"Binali Yıldırım soruları istedi" iftirasından gelinen nokta, "Küçükkaya ile otelde başbaşa 46 dakika" ya çıktı.
Soruları Küçükkaya mı verdi, CHP adayı soruları Küçükkaya'ya mı verdi, bilmiyoruz.
Bildiğimiz, ortak yayın öncesi, adayların biriyle, insan içinde bile değil, bir otel odasında gizlice buluşup bir saate yakın kalan birinin 'moderasyonunu beğenmediğimiz"dir.
Küçükkaya, bir otel odasında Binali Yıldırım ile buluşmuş olsa şu anda sadece tefe konmayacak, aynı zamanda kendi kanalından da kovulmasını gerektirecek bir süreç başlayacaktı.
Gazetecilik etiğini ayaklar altına alan Küçükkaya'nın 'alnımızın akıyla' diye bir etiket başlatması ama bu karanlık işe dahil olmak istemeyen izleyicilerinden bile destek alamaması tek ümit verici noktaydı.
'Demokrasi şöleni' olacağı sözü verilen bir canlı yayındı. Halktan gizli, kapalı kapılar ardında iş çevirdikleri ortaya çıktı.
Binali Yıldırım 'gayriahlaki' bulduğunu söylemekle yetindi.
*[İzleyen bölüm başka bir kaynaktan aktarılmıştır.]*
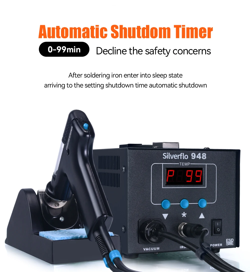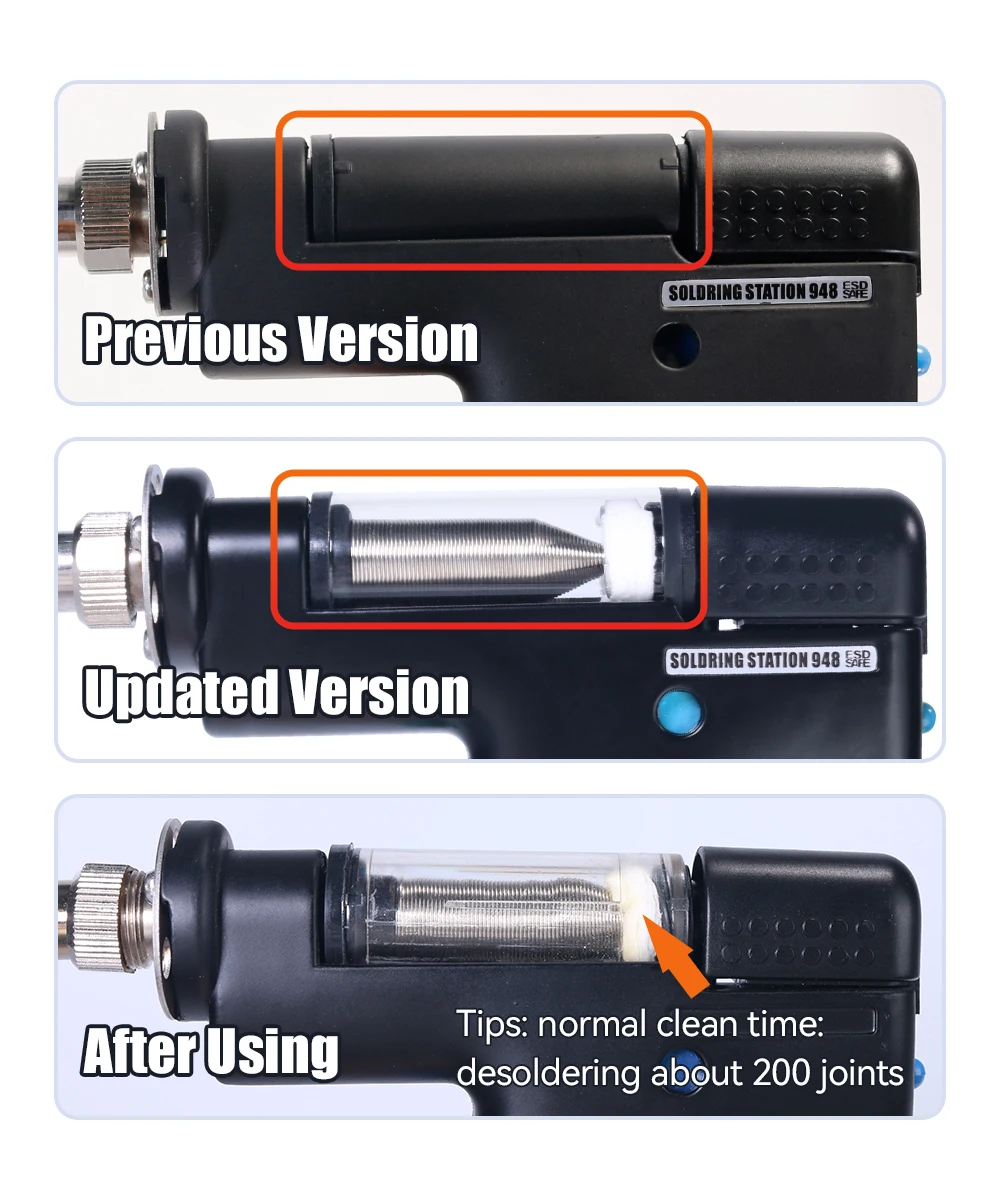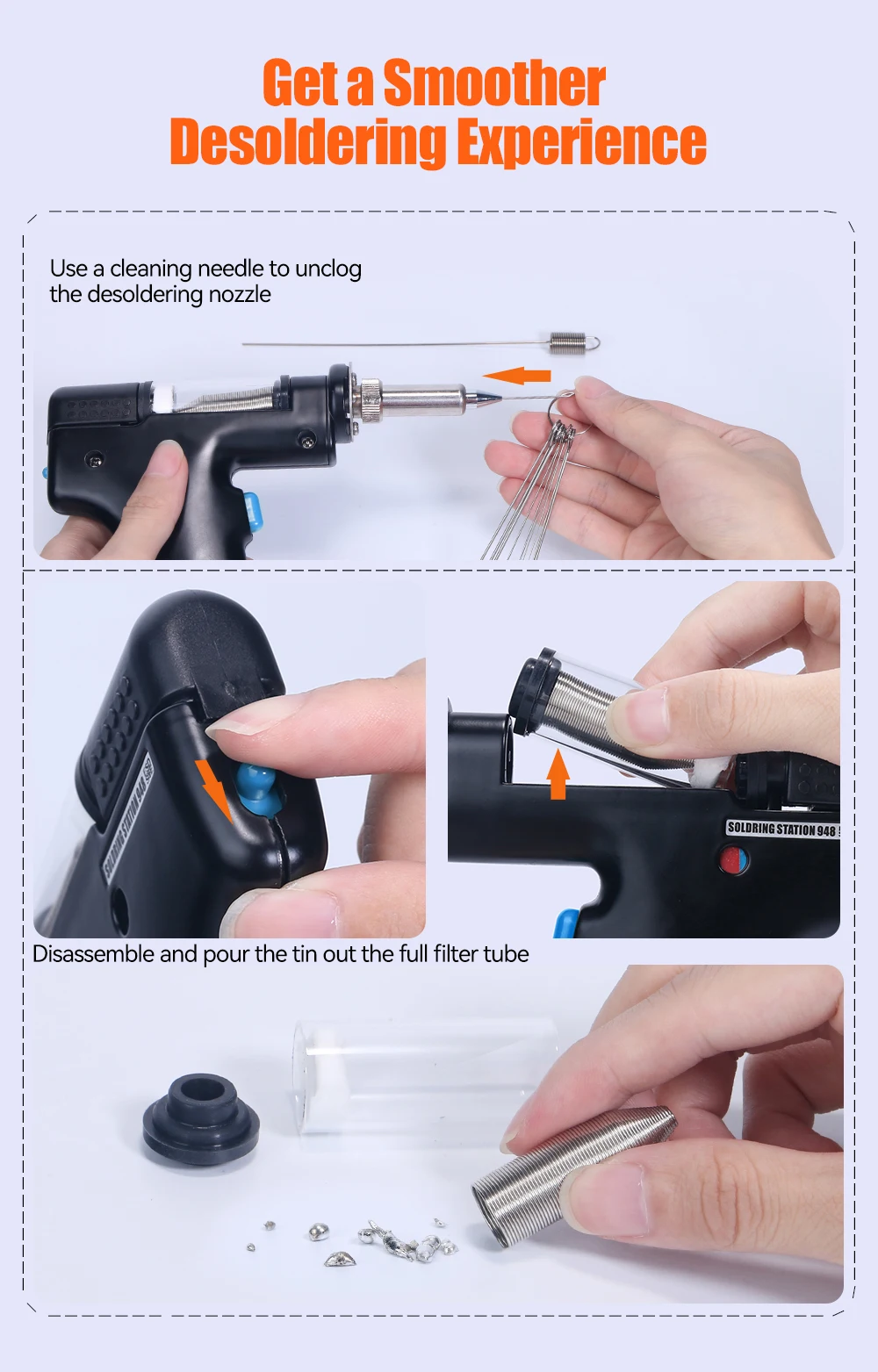 1. Before desoldering: you need to turn the machine on, and the tin gun handle heats up to dissolve the tin of tip and then can suck to desolder
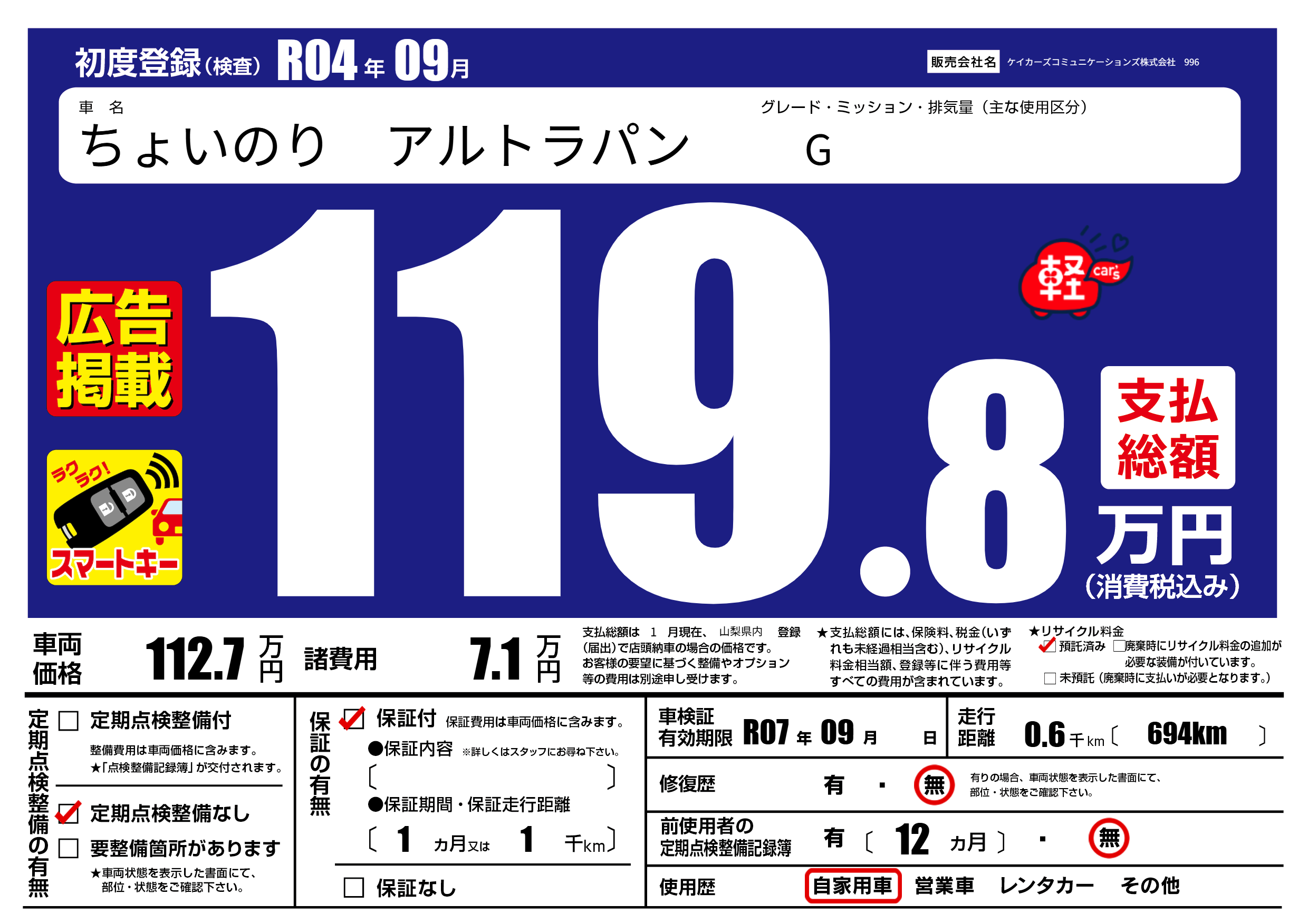 | 走行キロ | - | 初年度登録 | R04年09月 |
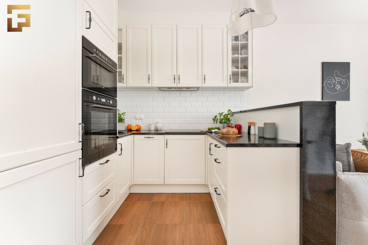 Kuchnia jest jasna, doświetlona, wyposażona we wszystkie niezbędne sprzęty AGD oraz odpowiednio duży, wygodny blat roboczy.
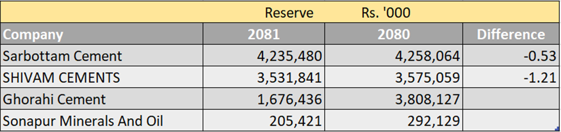 यता, शिवम सिमेन्टको ३ अर्ब ५३ करोड, घोराही सिमेन्टको १ अर्ब ६७ करोड र सोनापुरको २० करोड रुपैयाँ जगेडा कोषमा रहेको छ ।
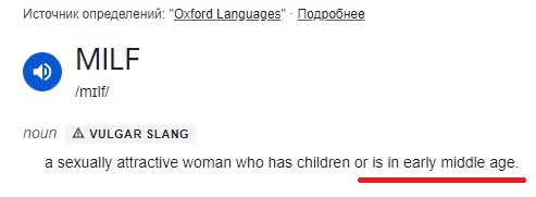 >>442583 Хз по какому "православному" ты там считаешь, милфами обычно называют горячих женщин в возрасте, наличие ребёнка роли не играет, как и их распутность.
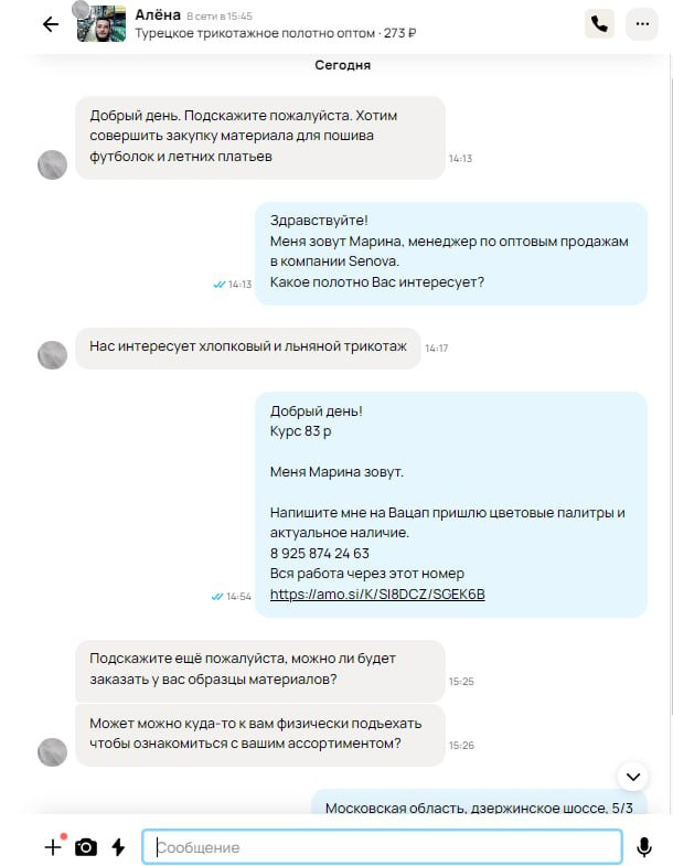 В переписках — оптовой интерес
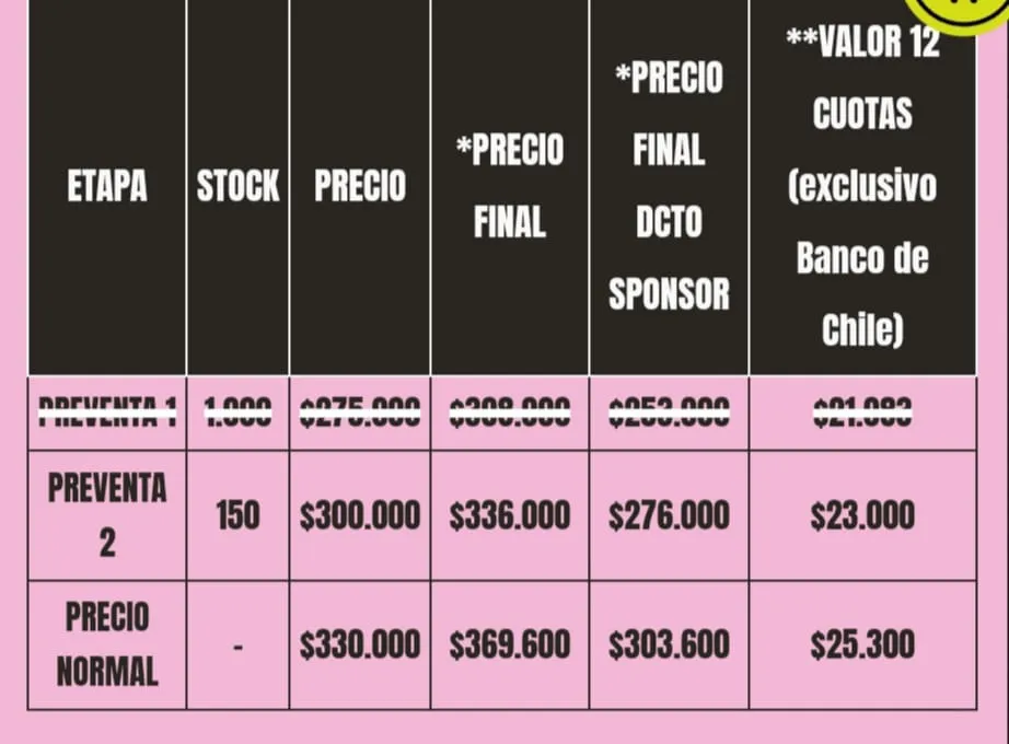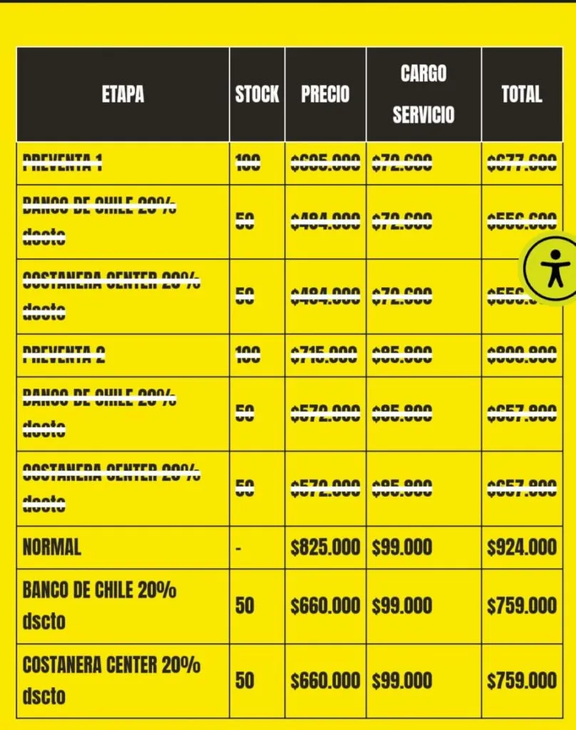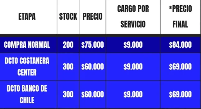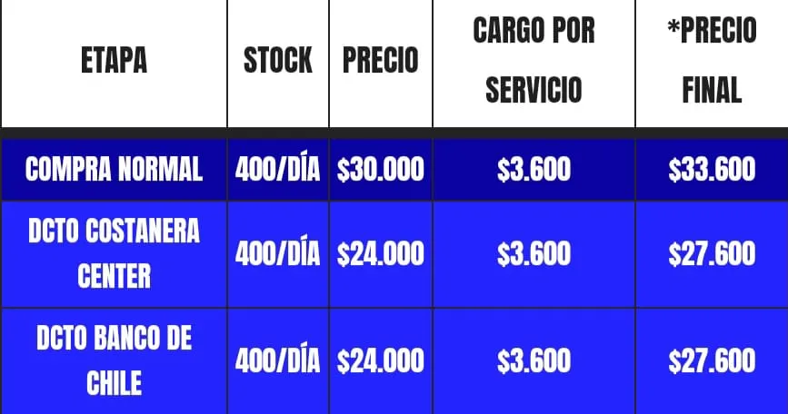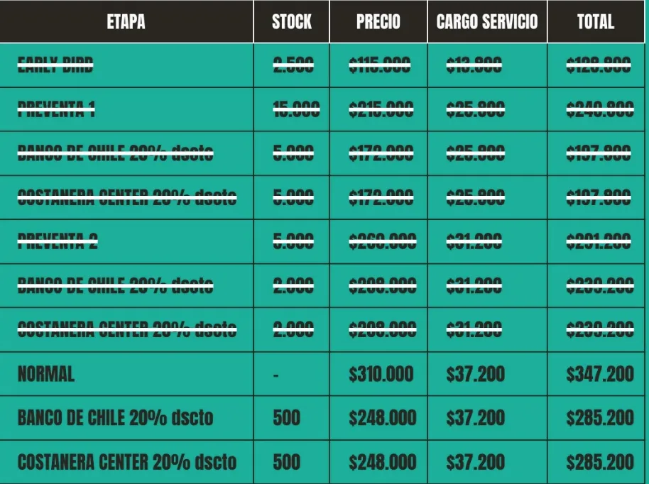 Tal como está señalado, la entrada general tiene un valor sobre los trescientos mil pesos y con el tícket tienes la posibilidad de acceder a las tres jornadas de música en vivo. Por otro lado, para obtener descuento en el valor total, debes cumplir con los requisitos de ser cliente Banco de Chile o cliente Costanera Center.
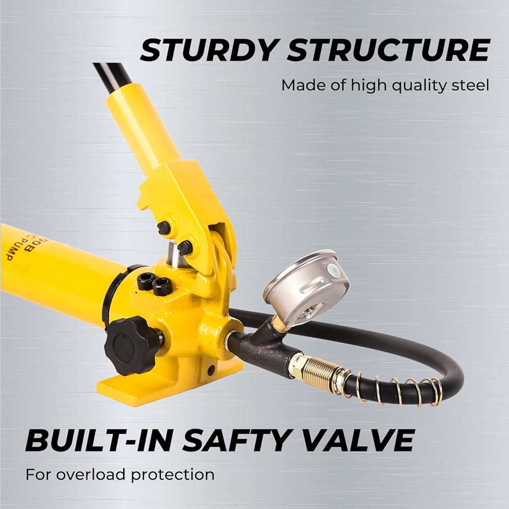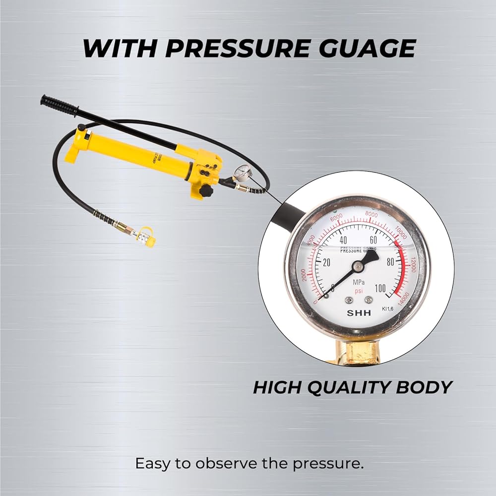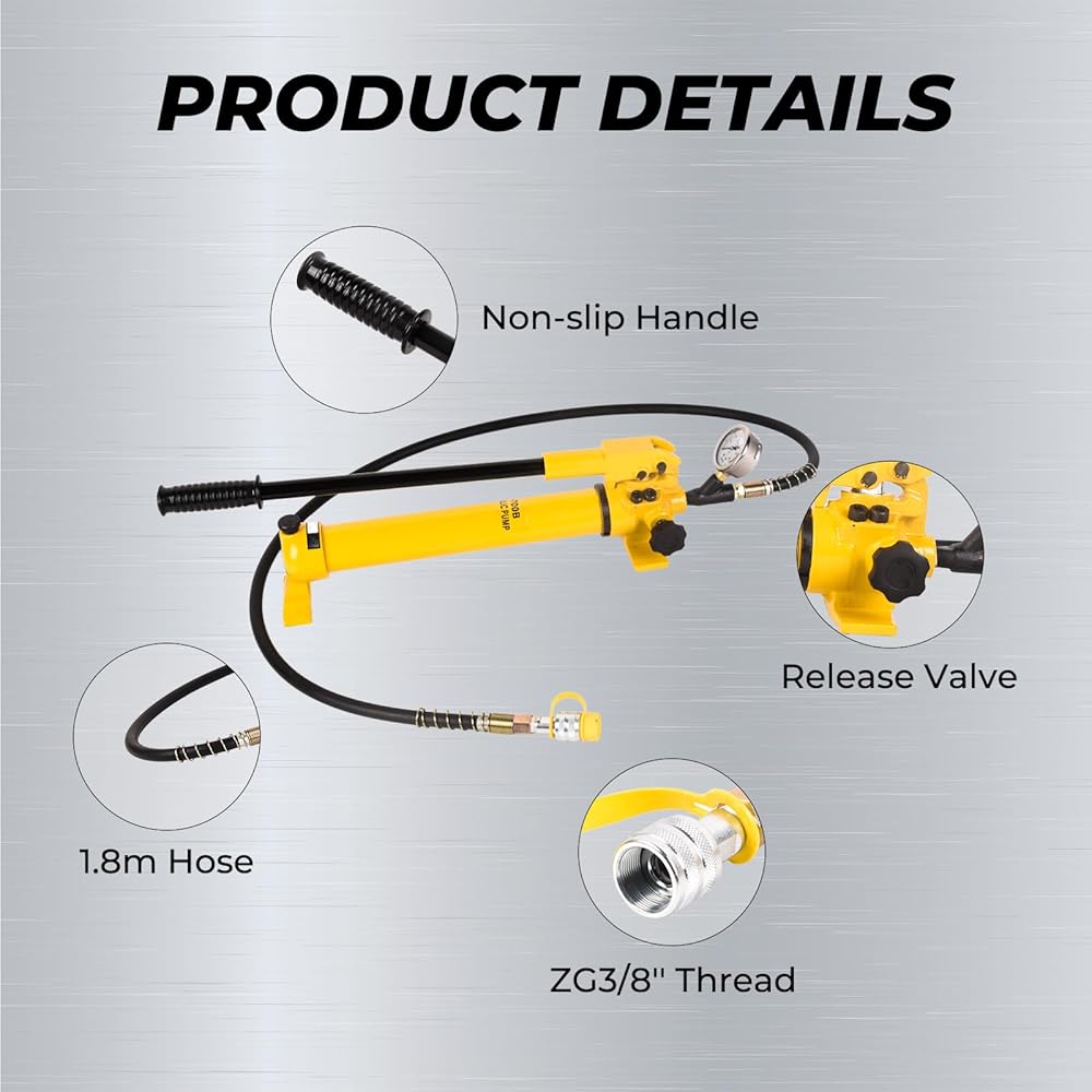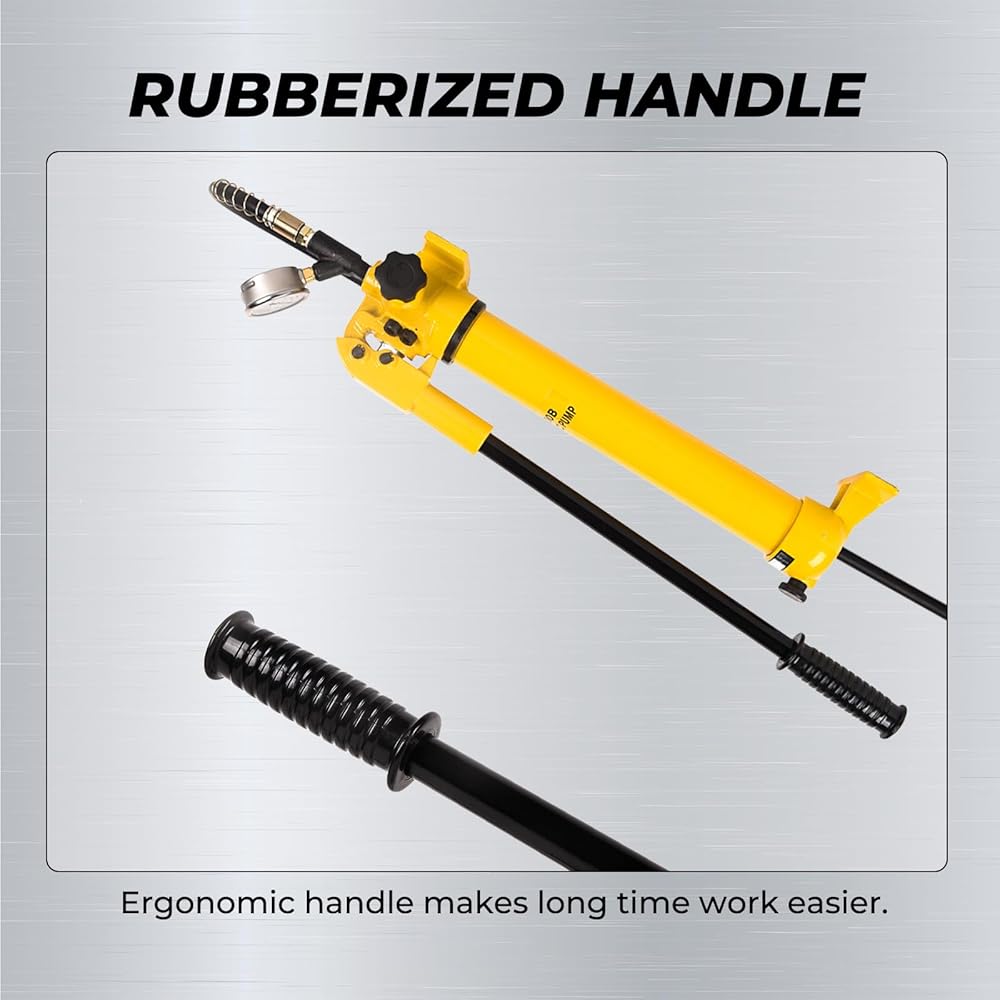 【ZG3/8" COUPLER INCLUDED】Easily adapts to a wide range of hydraulic accessories including hoses, rams, pumps, spreaders, and more, using common ZG3/8" fittings. Plus, our hydraulic hand pump with gauge features an extra-long handle with a rubberized grip for comfortable and easy operation.

Zira bundan fazlasını deseydi, CHP adayı yine mağdur olup ağlayacak bir nokta bulurdu. "Bana çay getireni sürdüler, beni çeken kameramanları kovdular" gibi açıkça yalan söylemekten çekinmeyen bir mitomanı, hâlâ mağdur sanan bir kitlesi var çünkü.
Ne olursa olsun, hakikatte ısrar edip karar verelim:
Pazar günü, İzmir'i lağım kokutanlar ile 25 yıl önce "iflah olmaz" denilen Haliç'i tertemiz yapanlar arasındaki bir karar vereceğiz.
Çöp dağlarını patlatanlarla, sadece çöpleri toplamayıp ondan enerji de üreten sistem kuranlar arasında karar vereceğiz.
İstanbul'u dünyada su geri dönüşümünde bir numaraya taşıyanlarla, en büyük icraatı heykel yıkamak olanlar arasında bir karar vereceğiz.
Halihazırda yapılmış olan ve test sürüşleri devam eden Mahmutbey- Mecidiyeköy metro tren hattını kendisi yapacakmış gibi vaad edenlerle, projeyi hayata geçirenler arasında bir karar vereceğiz.
Demirtaş'ı yere göğe sığdıramayanlarla, ülkeyi terör odaklarına teslim etmemek için canını ortaya koyanlar arasında bir karar vereceğiz.
15 Temmuz gecesi bulunduğu Brüksel'den 'yurtta sulh' mesajı atanlarla, 'direneceğiz' diyenler arasında bir karar vereceğiz.
İstanbul Büyükşehir Belediyesi'ni, 15 Temmuz gecesi 14 şehit vererek korumuştuk.
Şimdi onu, tüm verilerimizi kopyalaması için hâlâ kimliği açıklanmayan üç kişiyi belediyeye davet eden birisine teslim etmeyelim.
PKK'yı ve FETÖ'yü kapıdan kovduk; bacadan girmelerine izin vermeyelim.
Sevgili hemşehrim, İstanbul emanetini, ehline teslim edelim.